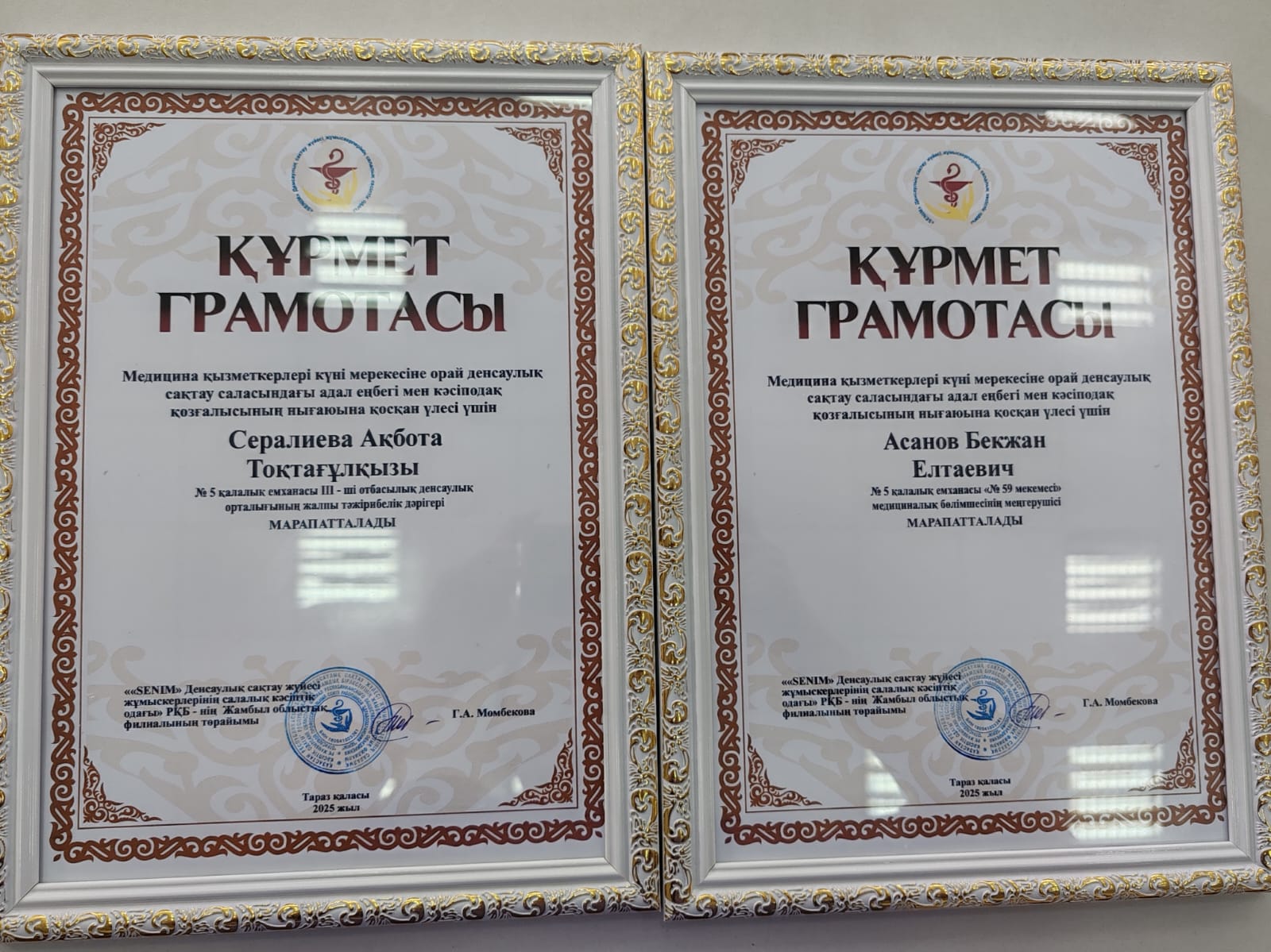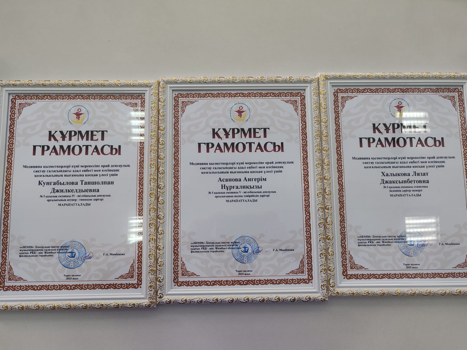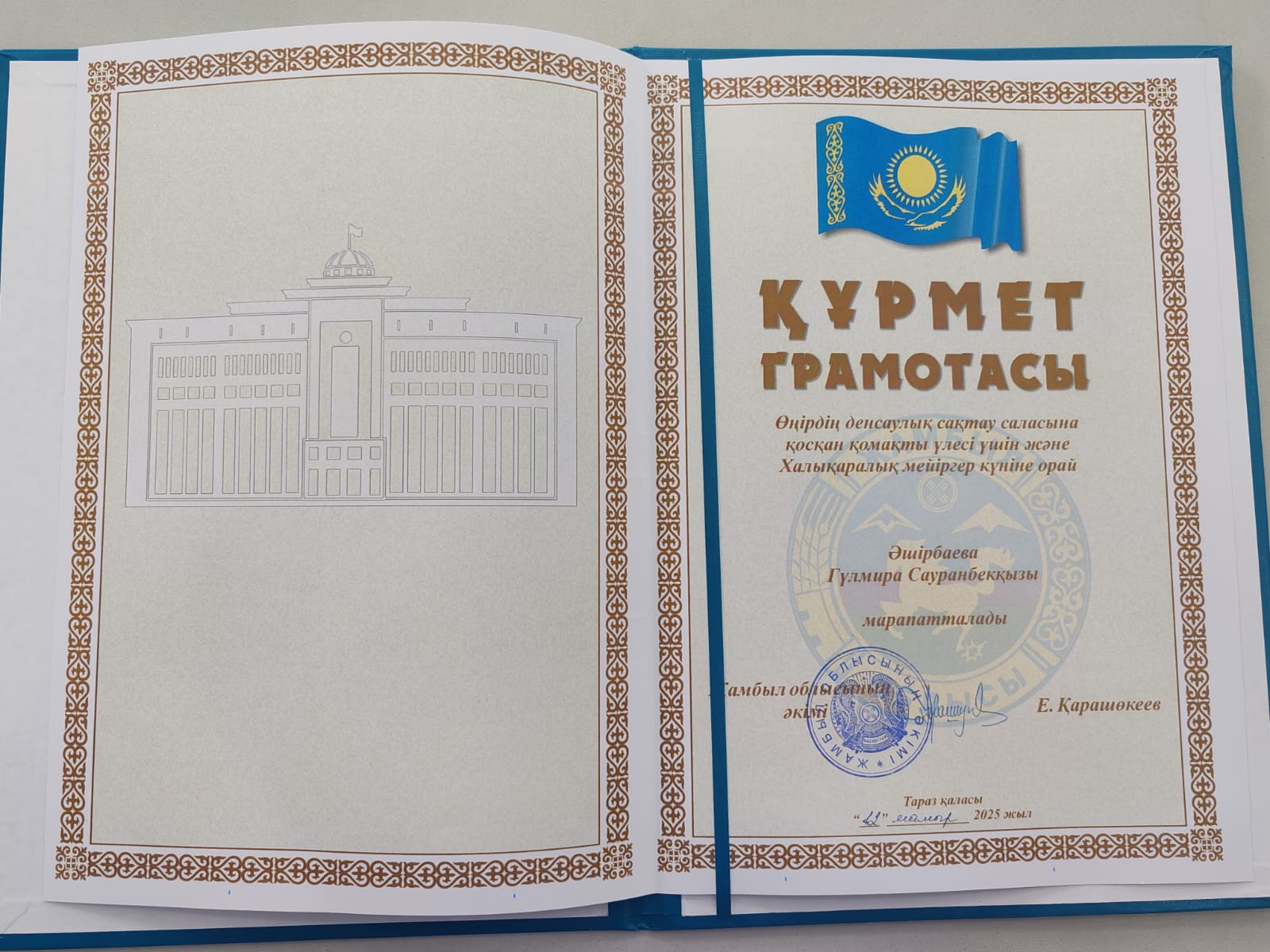 Өңірдің денсаулық сақтау саласына қосқан қомақты үлесі үшін Әшірбаева Гүлмира Сауранбекқызы Жамбыл облысының әкімі Е.Ш. Қарашөкеев атынан ҚҰРМЕТ ГРАМОТАСЫМЕН марапатталды
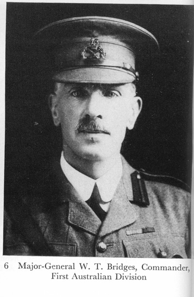 Major-General Sir William Bridges, General Officer Commanding Australian Imperial Force. General Bridges was hit in the thigh by a sniper in Shrapnel Valley and he died of his wounds on 18 May 1915. (Q.E.II Army Museum, Waiouru) |
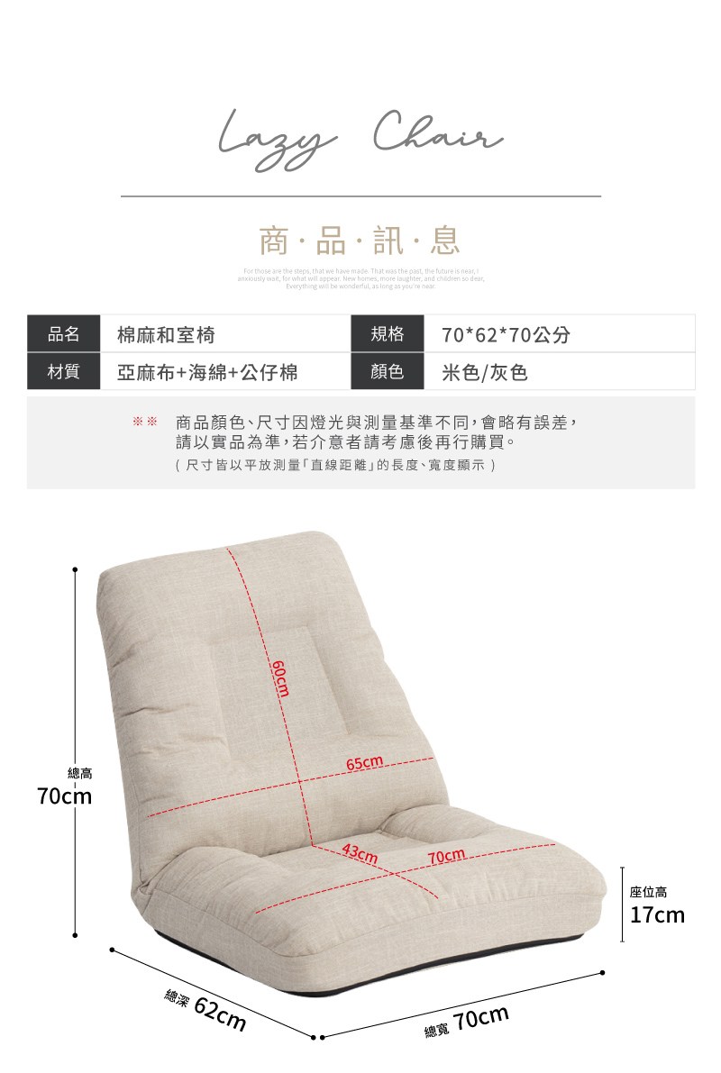 【好氣氛家居】日系和風棉麻舒適加大單人沙發/和室椅/懶骨頭/懶人沙發/休閒椅(六段調灰色
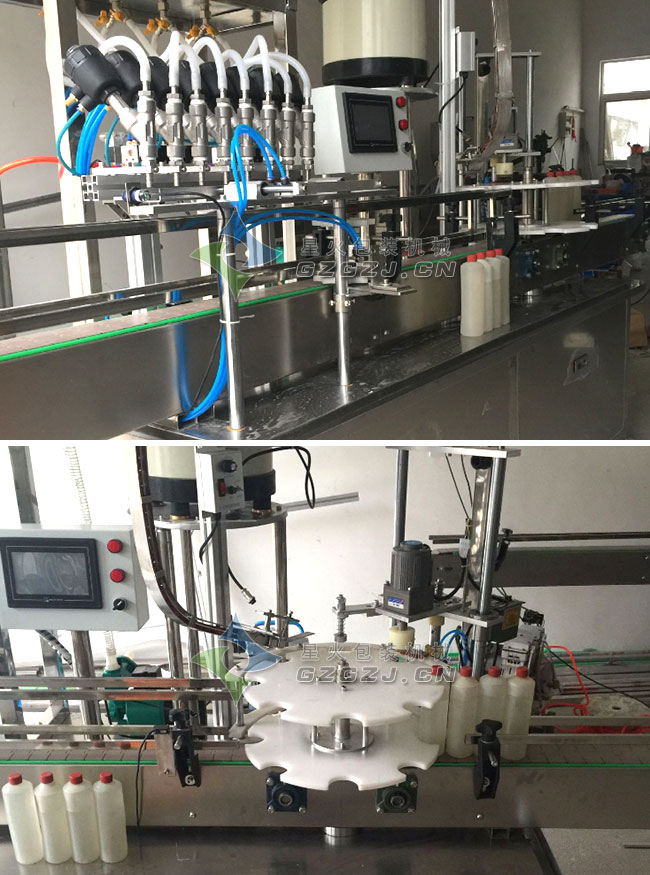 2、物料自吸式進(jìn)入灌裝機構(gòu),整機清洗、消毒方便。 3、口服液灌裝生產(chǎn)線缺瓶不灌裝,無滴漏。適用各種粘度液體灌裝。 4、振動盤自動理蓋,自動完成掛蓋旋蓋。 5、灌裝、旋蓋一體,經(jīng)濟(jì)實用占地小。磁力矩旋蓋頭,松、緊任意調(diào)節(jié)。 6、整機按GMP要求設(shè)計。
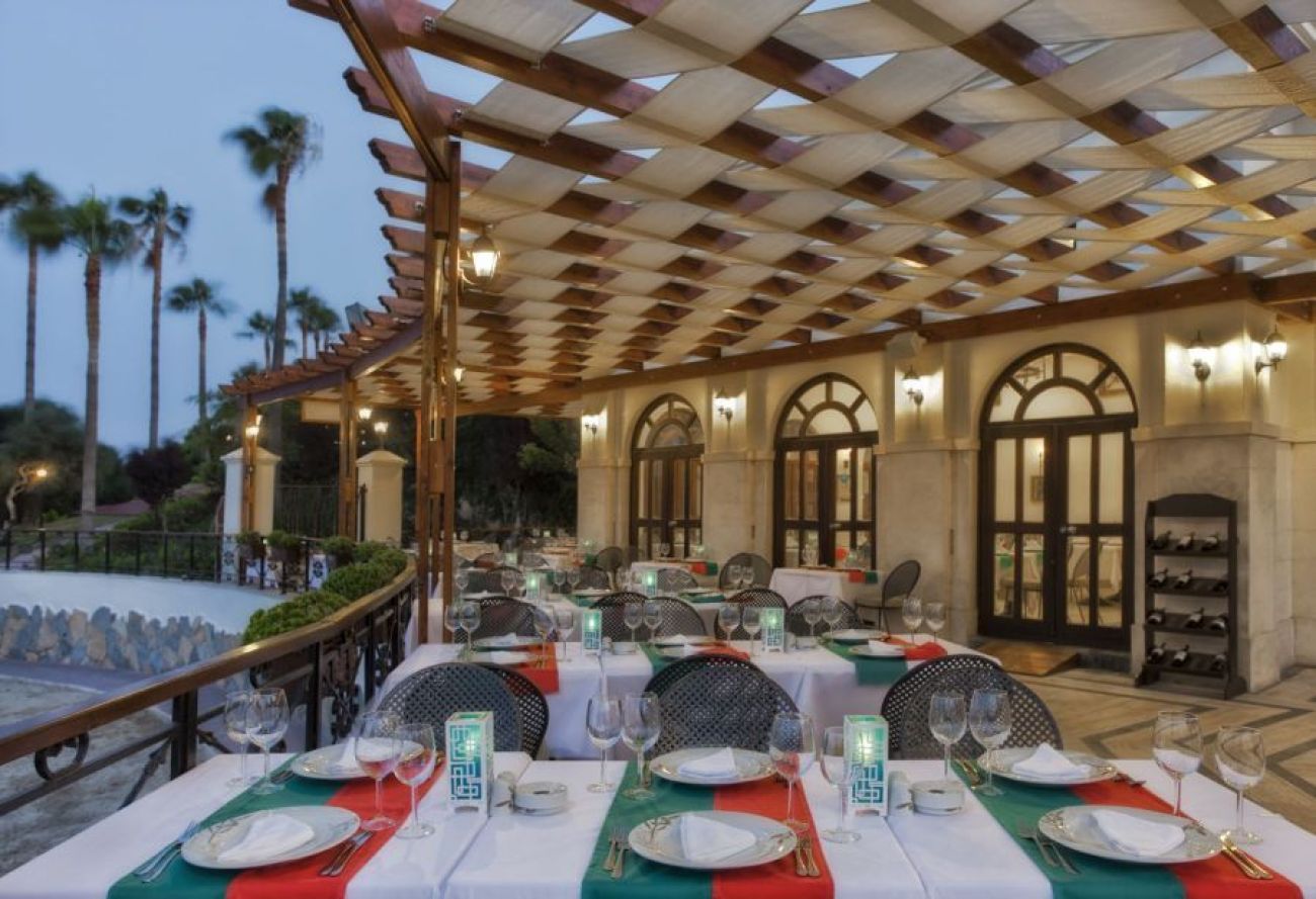 Хотелът разполага с а-ла-карте ресторанти: турски ресторант, италиански ресторант, Средиземно морски ресторант и барбекю ресторант (заплаща се допълнително, изисква предварителна резервация); Основен ресторант, който предлага закуска, обяд, вечеря и две късни хранения.
▬▬▬▬▬▬
All of the listing is to be written out exactly, with the pictures left out.

• _WRITTEN REPLY_:
 Өңірдің денсаулық сақтау саласына қосқан қомақты үлесі үшін Әшірбаева Гүлмира Сауранбекқызы Жамбыл облысының әкімі Е.Ш. Қарашөкеев атынан ҚҰРМЕТ ГРАМОТАСЫМЕН марапатталды
 Major-General Sir William Bridges, General Officer Commanding Australian Imperial Force. General Bridges was hit in the thigh by a sniper in Shrapnel Valley and he died of his wounds on 18 May 1915. (Q.E.II Army Museum, Waiouru) |
 【好氣氛家居】日系和風棉麻舒適加大單人沙發/和室椅/懶骨頭/懶人沙發/休閒椅(六段調灰色
 2、物料自吸式進(jìn)入灌裝機構(gòu),整機清洗、消毒方便。 3、口服液灌裝生產(chǎn)線缺瓶不灌裝,無滴漏。適用各種粘度液體灌裝。 4、振動盤自動理蓋,自動完成掛蓋旋蓋。 5、灌裝、旋蓋一體,經(jīng)濟(jì)實用占地小。磁力矩旋蓋頭,松、緊任意調(diào)節(jié)。 6、整機按GMP要求設(shè)計。
 Хотелът разполага с а-ла-карте ресторанти: турски ресторант, италиански ресторант, Средиземно морски ресторант и барбекю ресторант (заплаща се допълнително, изисква предварителна резервация); Основен ресторант, който предлага закуска, обяд, вечеря и две късни хранения.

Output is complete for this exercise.